CNRI−東大、単層CNTの新製法を開発、高品質・低コスト実現
2003.02.27 化学工業日報 11頁 (全485字)


 三井物産のナノテク研究開発会社であるカーボン・ナノテク・リサーチ・インスティチュート(CNRI)は、東京大学大学院工学系研究科の丸山茂夫助教授と共同で高品質な単層カーボンナノチューブ(CNT)の開発に成功した。アルコールを原料とする触媒CVD法のACCVD法によって生成するもので、非晶質カーボンや欠陥がほとんどない単層CNTを低コストで得ることができる。両社は電子デバイスなどへの適用を目指しサンプル製造を開始する。

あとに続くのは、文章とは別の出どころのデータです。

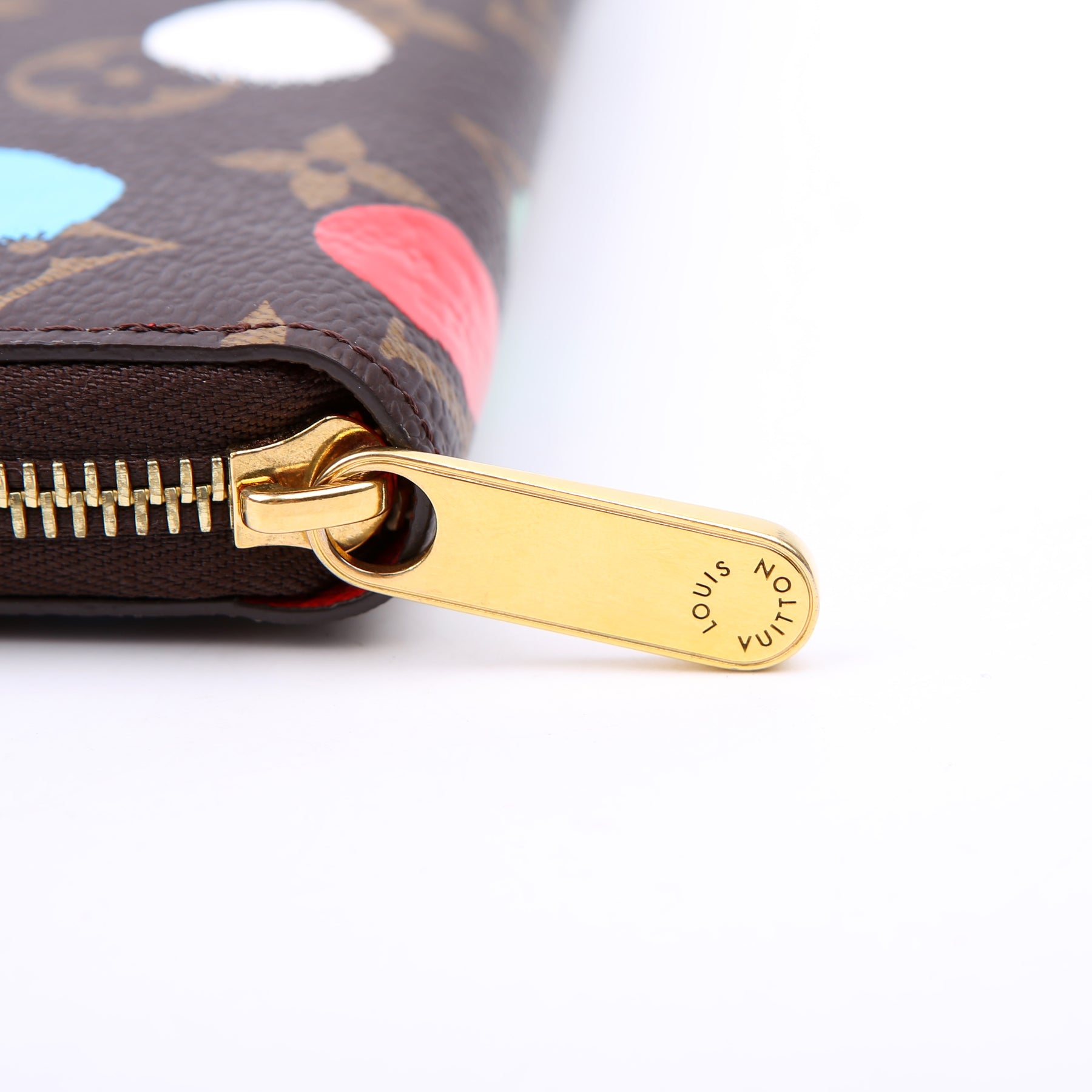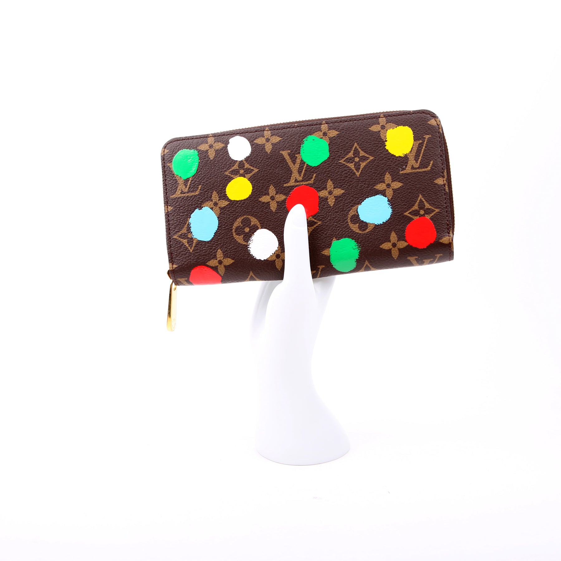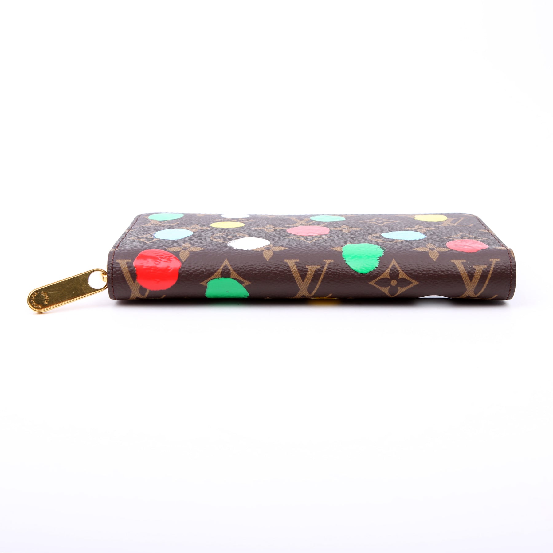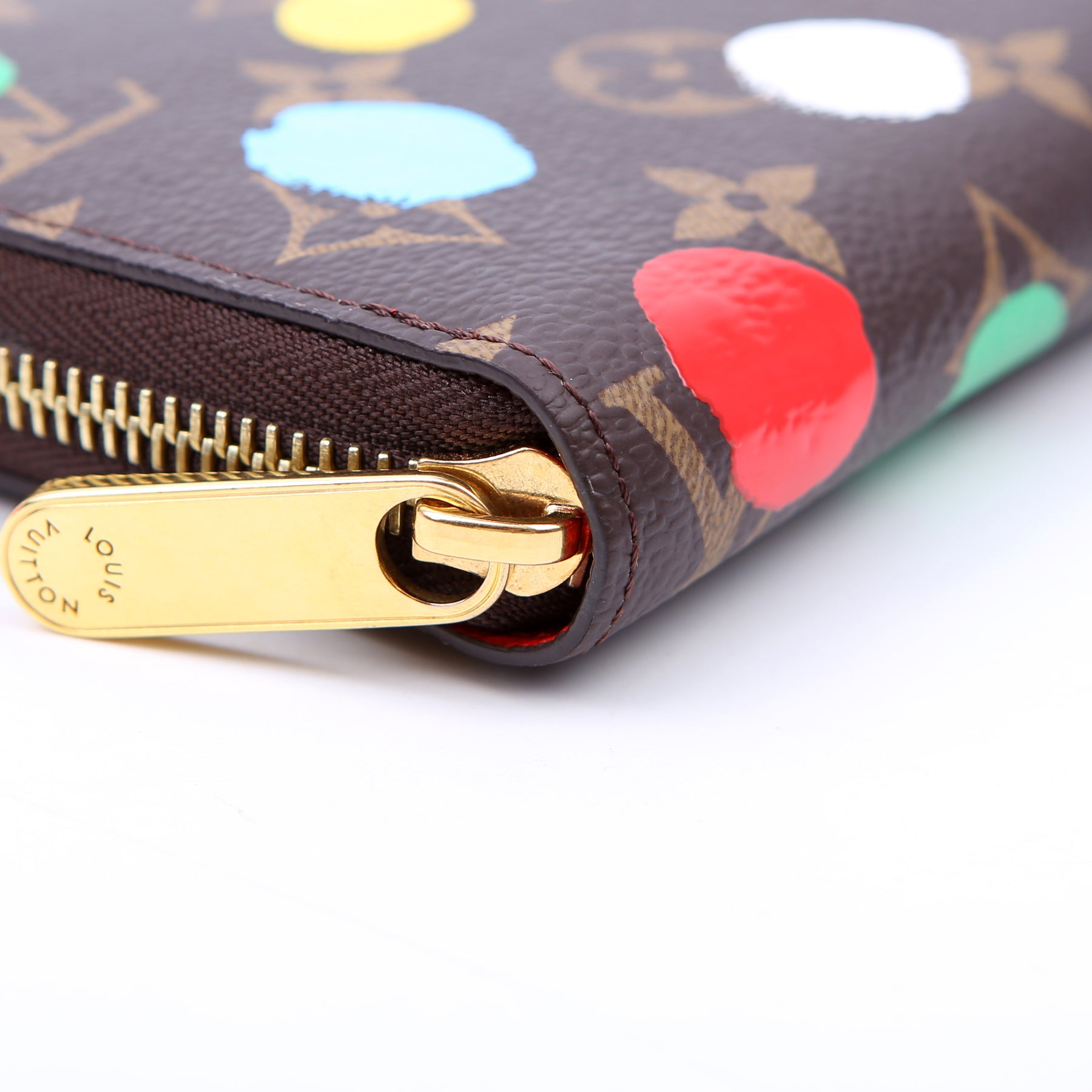 This pre-owned Louis Vuitton Zippy Wallet is guaranteed 100% authentic. The exterior is in the classic Louis Vuitton Monogram Painted Dots coated canvas.
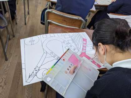 絵の具を使って丁寧に色をおいていました。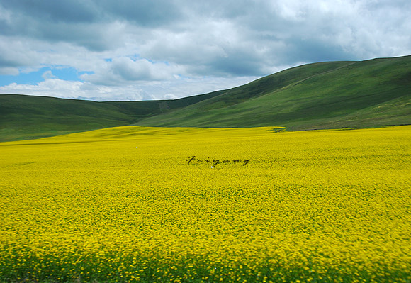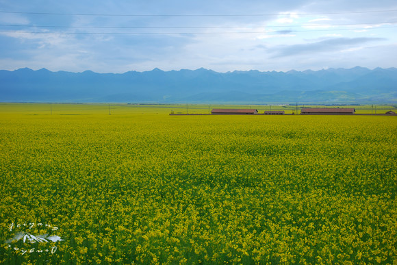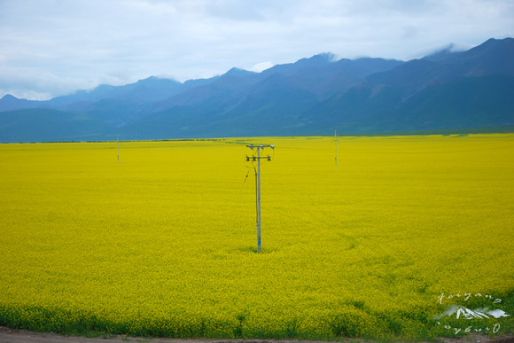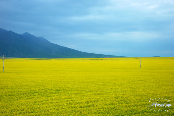 虽然七月是油菜花最旺盛的季节,但这同时也是青海的雨季,渐渐西沉的太阳总是掩藏在云里,然而是一阵风吹开了云的一朵发髻,露出一点缝隙,阳光洒了进来,顷刻间,被阳光照着的油菜花黄的耀眼、夺目。门源的油菜花我经常用“一整屏”来形容,因为往往是遍野的黄色一直连绵到天际,或者是消失在远处的群山脚下。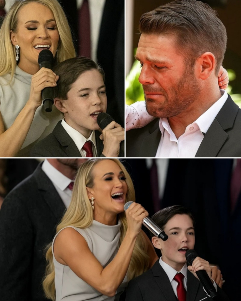 Carrie sat at the piano behind him. She played softly, almost protectively, as if she didn’t want to interrupt the moment. The notes were gentle. Patient. They left space — and her son filled it with courage.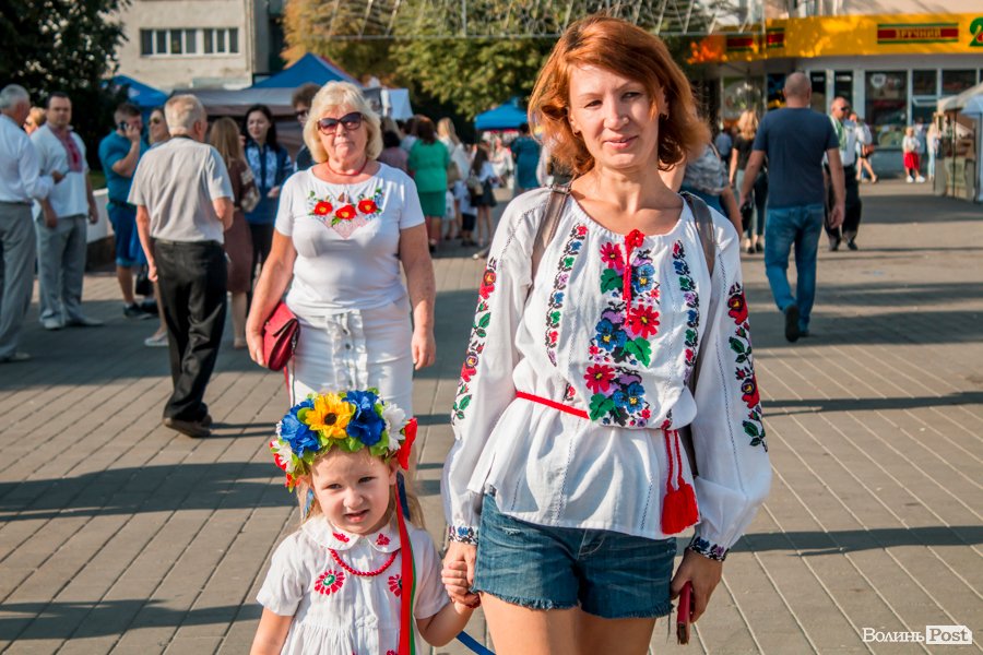 Мешканці та гості міста одягнули на святкування вишиті сорочки, сукні та футболки. Надали перевагу волиняни вишиванкам із натуральних тканин та світлих кольорів.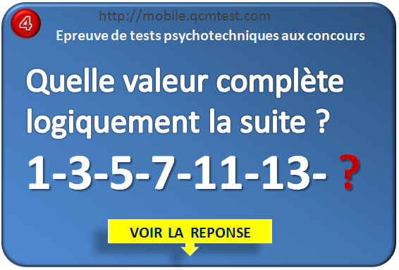 Correction du test de Logique n°4. Réponse : 15 Réponse : cette série de chiffre est une suite de nombres premiers.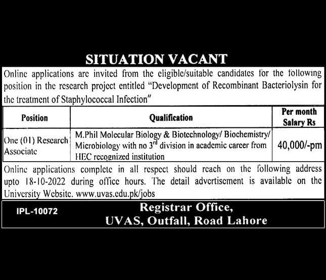 UVAS University Jobs 2022 for Research Associate Vacancy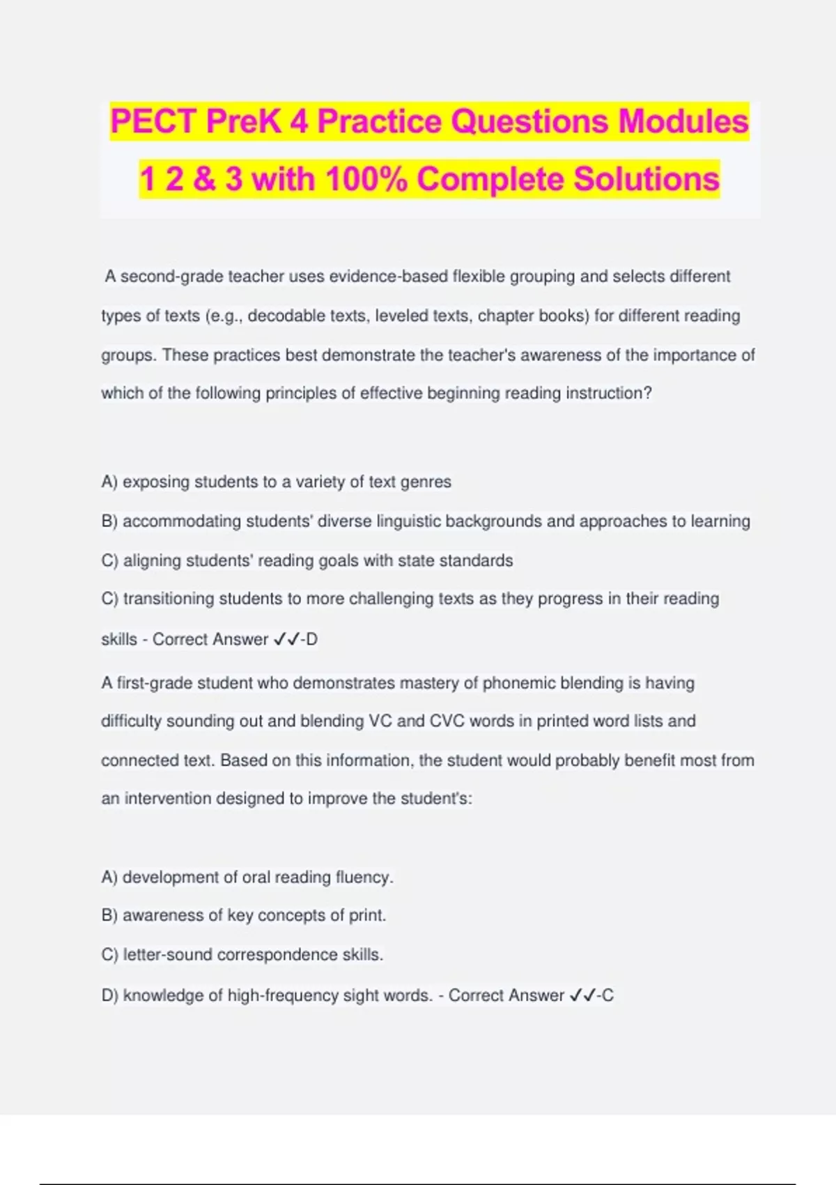 PECT PreK 4 Practice Questions Modules 1 2 & 3 with 100% Complete Solutions A second-grade teacher uses evidence-based flexible grouping and selects different types of texts (e.g., decodable texts, leveled texts, chapter books) for different reading groups. These practices best demonstrate the teacher's awareness of the importance of which of the following principles of effective beginning reading instruction? A) exposing students to a variety of text genres B) accommodating students' diverse linguistic backgrounds and approaches to learning C) aligning students' reading goals with state standards C) transitioning students to more challenging texts as they progress in their reading skills - Correct Answer ️️ -D A first-grade student who demonstrates mastery of phonemic blending is having difficulty sounding out and blending VC and CVC words in printed word lists and connected text. Based on this information, the student would probably benefit most from an intervention designed to improve the student's: A) development of oral reading fluency. B) awareness of key concepts of print. C) letter-sound correspondence skills. D) knowledge of high-frequency sight words. - Correct Answer ️️ -C In a fourth-grade class, providing explicit instruction focused on which of the following reading skills would most directly promote students' evaluative reading comprehension skills? A) summarizing the main idea of an extended text B) retrieving information from a text to answer comprehension questions C) applying background knowledge to visualize processes described in a text D) distinguishing between fact and opinion in a text - Correct Answer ️️ -D 4. A kindergarten student writes "tdirdmibk" in her journal and tells the teacher she wrote "Today I rode my bike." The student's writing sample most clearly demonstrates which of the following milestones essential to spelling development in English? A) awareness of the alphabetic principle B) knowledge of print conventions for representing words C) awareness of morphological structure within words D) knowledge of syllable juncture - Correct Answer ️️ -A After an extended classroom discussion of the pros and cons of adopting a civic initiative, students are divided into two relatively equal groups, one of which supports the initiative while the other has reservations about it. The teacher could best use this situation to demonstrate the value of which of the following practices? A) assessing the costs and benefits in group decision making B) using compromise to resolve conflicts C) dividing problems into more manageable parts in group decision making D) using majority rule to resolve conflicts - Correct Answer ️️ -B Fourth-grade students are working in small groups to create dances to a song they have chosen. As they work, their teacher makes anecdotal notes on the students' discussions, work styles, and use of concepts related to movement and choreography that the class has previously studied. The teacher can best use these notes to accomplish which of the following goals? A) establishing the connection between the lesson and state arts standards B) determining students' final grades for the project C) planning tasks and questions for an upcoming arts exam D) documenting individual students' understanding and growth - Correct Answer ️️ -D During a learning activity about the oceans, a teacher has students solve problems involving starfish (five legs) and crabs (ten legs). Which of the following problems could the teacher use to demonstrate that some problems have more than one answer? A)Three crabs and two starfish were on the beach. How many legs were there altogether? B) I saw 15 legs. How many crabs and starfish did I see? C) Two crabs have how many more legs than three starfish? D) One crab was walking in the sand. How many starfish have the same total number of legs? - Correct Answer ️️ -B A first-grade class is learning about light using mirrors and flashlights. After showing the class how mirrors and a variety of shiny objects reflect light, the teacher asks students if nonshiny objects can reflect light. The teacher hands out small flashlights to the students and asks them to explore this question. Which of the following strategies would be most effective for the teacher to use to help the students develop the ability to clearly explain what they learn from their exploration of reflected light? A) discussing with each student what he or she is finding out about the reflection of light as the explorations are being conducted C) structuring the students' explorations by having them

 単層CNTは従来、アーク放電法、CVD法の一種のHiPco法などで製造されているが、スケールアップが困難だったり欠陥が多かった。また触媒CVD法についても、従来のアセチレンを用いると多層化したりする問題があった。
 丸山助教授はアルコールを原料とすることで高品質化を実現。これはアルコール分子に含まれる酸素原子が反応中に欠陥を抑制すると考えられており、選択的に単層CNTを製造できる。
 反応は八百度C以下の温度で大気圧また減圧下で簡単な設備で行えるため、トンオーダーへの規模拡大が容易としている。両社では一グラム当たり二千円以下の製造コストを目指す。